The decomposition of  Mg(acac)2 was studied to determine the optimal CVD temperature range. Above the melting temperature at 265°C, Mg(acac)2 is no longer stable. Decomposition model based on thermal analysis (TGA/ DSC) and IR and MS is following: the molecule splits giving a gaseous organic residue and a liquid (MgC5H6O2) which in turn gives rise to MgO at 450°C.[181]

The static sterochemistry in solution of Mg(acac)2 was investigated using 1H-NMR, it was found that Mg(acac)2 is polymeric in solution, in contrast to Mg(thd)2 which is monomeric. Chemical shift values favor a pseudo-tetrahedral D2d idealized structure.[182]

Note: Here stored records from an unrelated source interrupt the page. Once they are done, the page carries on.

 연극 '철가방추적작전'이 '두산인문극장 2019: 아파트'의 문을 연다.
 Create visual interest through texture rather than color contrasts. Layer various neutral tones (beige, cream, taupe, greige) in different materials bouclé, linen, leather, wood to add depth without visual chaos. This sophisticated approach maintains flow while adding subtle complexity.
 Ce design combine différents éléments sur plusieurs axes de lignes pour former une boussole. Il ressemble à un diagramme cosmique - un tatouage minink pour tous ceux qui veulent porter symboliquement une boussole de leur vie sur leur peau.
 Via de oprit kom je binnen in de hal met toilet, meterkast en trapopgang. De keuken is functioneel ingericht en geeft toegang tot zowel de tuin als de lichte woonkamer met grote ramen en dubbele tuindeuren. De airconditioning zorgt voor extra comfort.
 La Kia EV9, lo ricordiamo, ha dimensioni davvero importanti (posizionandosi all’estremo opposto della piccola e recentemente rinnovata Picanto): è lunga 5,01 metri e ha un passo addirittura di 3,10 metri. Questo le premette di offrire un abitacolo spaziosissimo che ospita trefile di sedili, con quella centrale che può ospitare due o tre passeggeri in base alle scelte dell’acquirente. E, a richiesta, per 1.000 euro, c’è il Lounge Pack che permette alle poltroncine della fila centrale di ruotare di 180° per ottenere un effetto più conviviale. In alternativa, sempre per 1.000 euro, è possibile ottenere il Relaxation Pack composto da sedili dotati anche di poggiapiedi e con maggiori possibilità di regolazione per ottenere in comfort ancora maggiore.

Proton magnetic resonance spectra of magnesium acetylacetonate in chloroform-d were studied, evidence for conformational equilibrium was observed. [183]

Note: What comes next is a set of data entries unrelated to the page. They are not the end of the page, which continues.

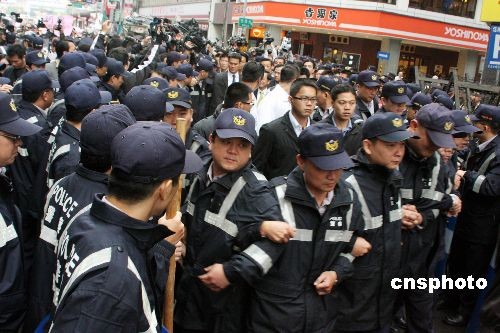陳水扁從其辦公室步行前往不足百米遠(yuǎn)的特偵組,眾多警察在其周圍維持秩序,現(xiàn)場附近警方部署大批警力。中新社發(fā) 黃少華 攝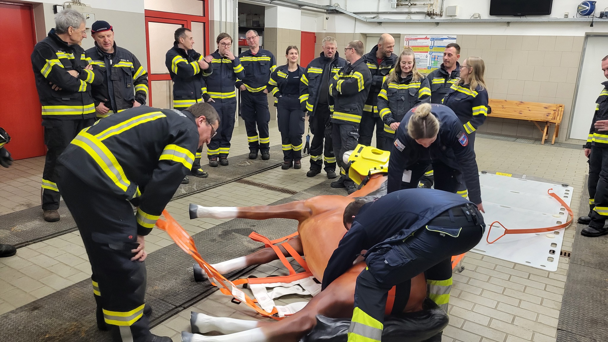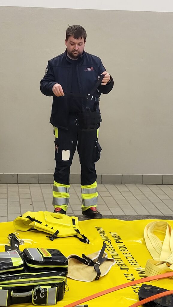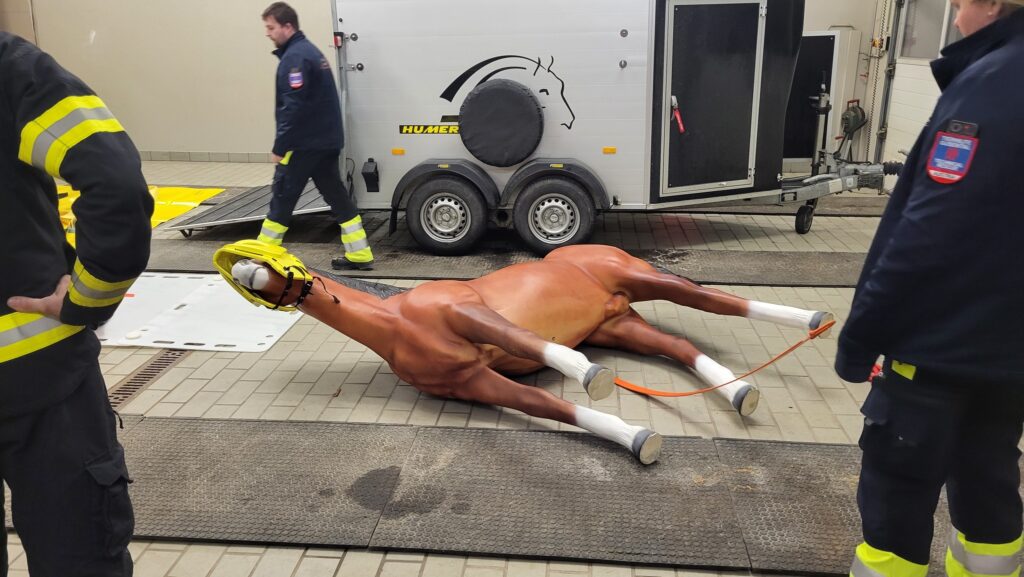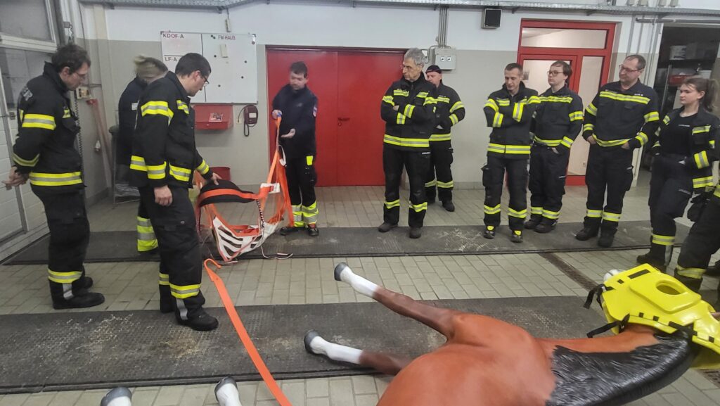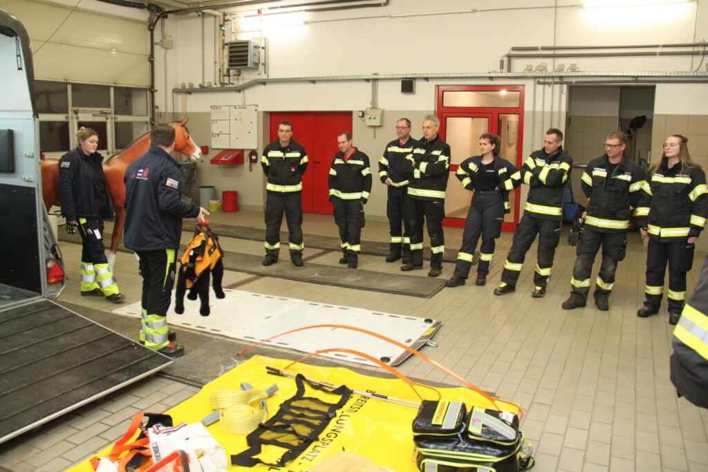 Neben der umfangreichen Theorie erhielten wir auch praktische Einweisungen. Unter anderem wurde das Anlegen eines Rettungsgeschirrs für Großtiere demonstriert und geübt. Zudem bekamen wir zahlreiche praxisnahe Tipps zum Handling von Tieren, die uns bei zukünftigen Einsätzen wertvolle Unterstützung bieten werden.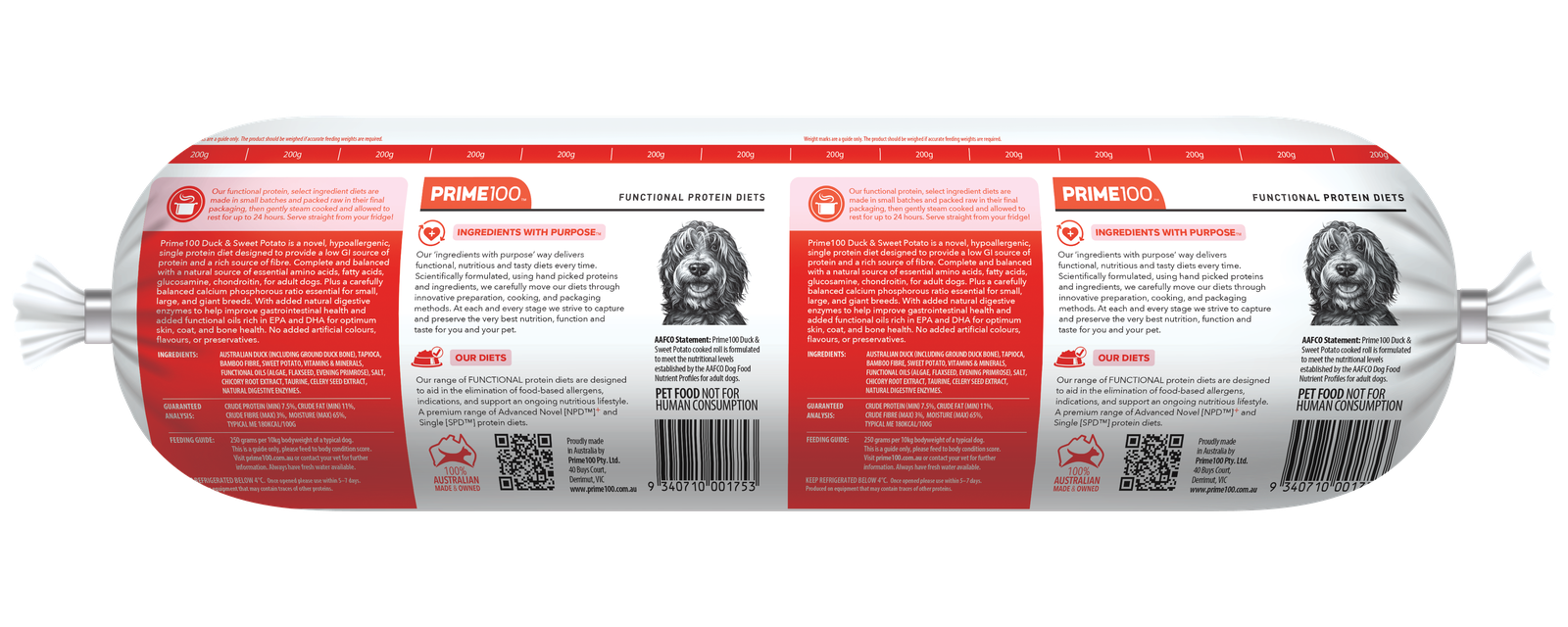 - Prime's Sk-G Duck and Sweet Potato recipe is made with premium duck meat, which is high in protein and low GI. Duck contains amino acids, glucosamine and chondroitin - all essential for large breed dogs, or dogs that are still growing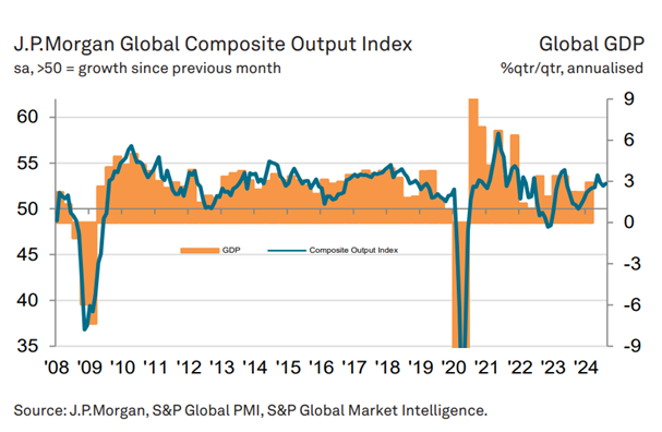 Рост деловой активности в целом по мировой экономике (промышленность+услуги) продолжается 19-й месяц подряд, с февраля 2023 года, благодаря росту в секторе услуг.
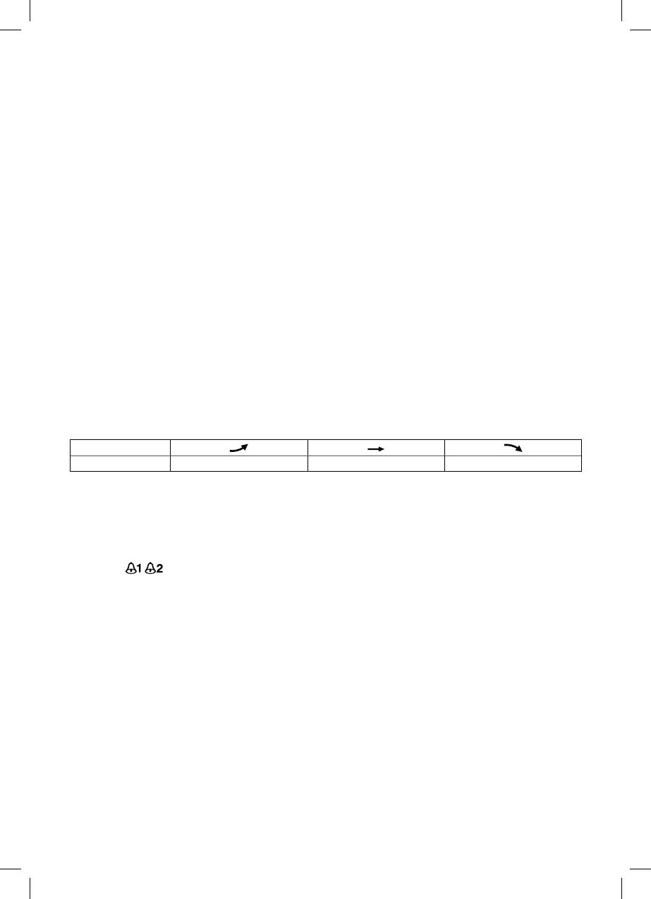 Laikant paspaudus mygtukus UP/DOWN (aukštyn/žemyn) vertes galima reguliuoti greičiau.

Density of Mg(acac)2 was determined in [184]

Mg(acac)2 for MgO by MOCVD

MgO films with (110) or (100) preferred orientation (NaCl-type structure) were grown at 400°C on glass substrates by PE MOCVD using Mg(acac)2 as a source material. Total pressure during the deposition as well as O2 to Mg gasphase ratio play a significant role in the preferred orientation of the films: (110)-oriented MgO films were obtained at low pressure of 0.15 Torr; increase of pressure to 1.0 Torr resulted in (100)-orientation of MgO films (with ratio of O2 to Mg source material kept constant). MgO films deposited at the high O/Mg ratios (1.61) had (100) orientation, while those deposited at low O/Mg ratios (0.97) were (110) oriented. No impurities in the oriented films was detected by RBS and AES. Films with (110) and (100) orientation were composed of closely packed columnar grains of diameter about 60 nm according to SEM. [185, 186, 187]

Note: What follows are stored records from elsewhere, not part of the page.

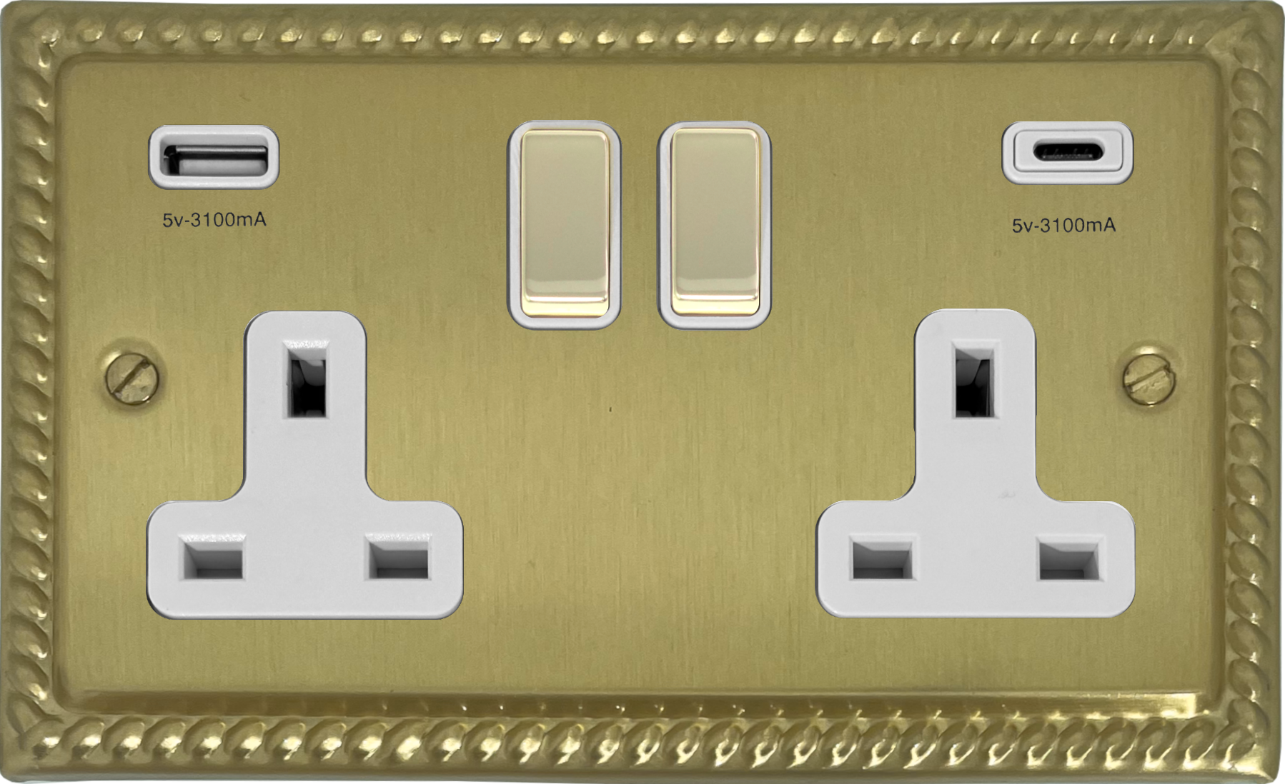 Georgian Satin Brass Double Socket with USB (USB-A and USB-C/White Inserts Brass Switches) - MSB2911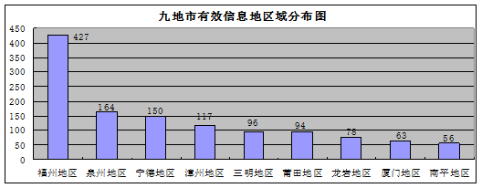 1369件有效信息事项地域分布,省级单位3件,福州地区427件,泉州地区164件,宁德地区150件,漳州地区117件,三明地区96件,莆田地区94件,龙岩地区78件,厦门地区63件,南平地区56件,外省39件,地址不详82件。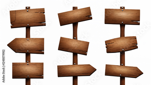 A collection of various wooden signboards with different shapes and designs, including arrows, rectangular planks, and rustic aged wood signs.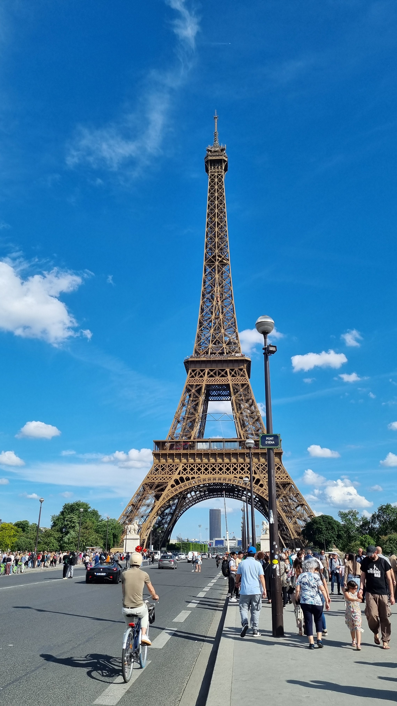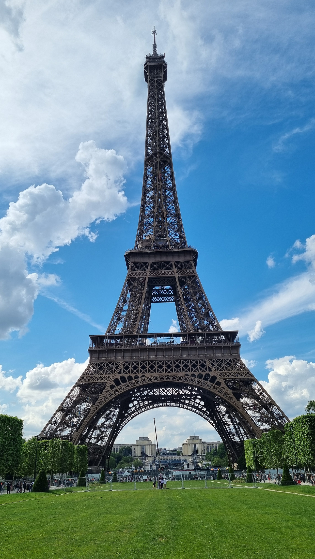 에펠탑은 역시 웅장하다. 많은 관광객들이 에펠탑 주위에 몰려있으며, 입장권을 사려고 긴 줄을 서있는 사람도 보인다. 에펠탑 뒤쪽의 잔디밭으로 갔다. 이곳에서 에펠탑이 더 잘 보인다. 푸른 하늘을 배경으로 우뚝 서있는 에펠탑은 정말 장관이다. 이전에는 뒤쪽에 사각형의 큰 연못이 있었다고 기억하는데, 지금은 보이지 않는다. 20년 전 이곳에서 비둘기 똥 폭격을 받았다. 머리에 떨어진 비둘기 똥을 처리할 방법이 없어, 결국 연못에 머리를 집어넣고 씻었다.

Mg(acac)2 and Mg(thd)2 were compared as precursors for the growth of thin films of MgO on Si(100) and c-plane sapphire substrates by MOCVD with oxygen as carrier gas. Films grown with Mg(acac)2 on c-plane sapphire above 500°C were polycrystalline with more dominant [110] and [100] orientation compared to [111]. In contrast, films grown with Mg(thd)2 on Si(100) at 600°C and on c-plane sapphire at 500°C were highly textured in the [111] direction, MgO film grown at lower temperature 350°C on Si(100) and then annealed at 520°C had no preferred orientation. [188]

Mg(acac)2 for MgO by spray pyrolysis / AACVD

Thin films of MgO (150 nm) were deposited by a spray pyrolysis method using ethanol-water solutions of Mg(acac)2 ultrasonically nebulized and thermally decomposed on to Si(111) and NaCl(100) substrates at 400–450°C. The microstructure of as-deposited MgO thin films was studied by XRD, SEM and TEM. [189]

The solution of Mg(acac)2 in isopropanol was used for the AACVD growth of MgO films on alumina polycrystalline substrates at 450°C (precursor aerosol was generated by ultrasonic atomization). The deposited film presented a smooth microstructure and a highly preferentially oriented structure with the (200) planes parallel to the substrate surface at a growth temperature of ~400°C. The thickness obtained reaches 10 μm, representing an efficient diffusion barrier on alumina for the deposition of thick films containing alkaline earth elements. [181]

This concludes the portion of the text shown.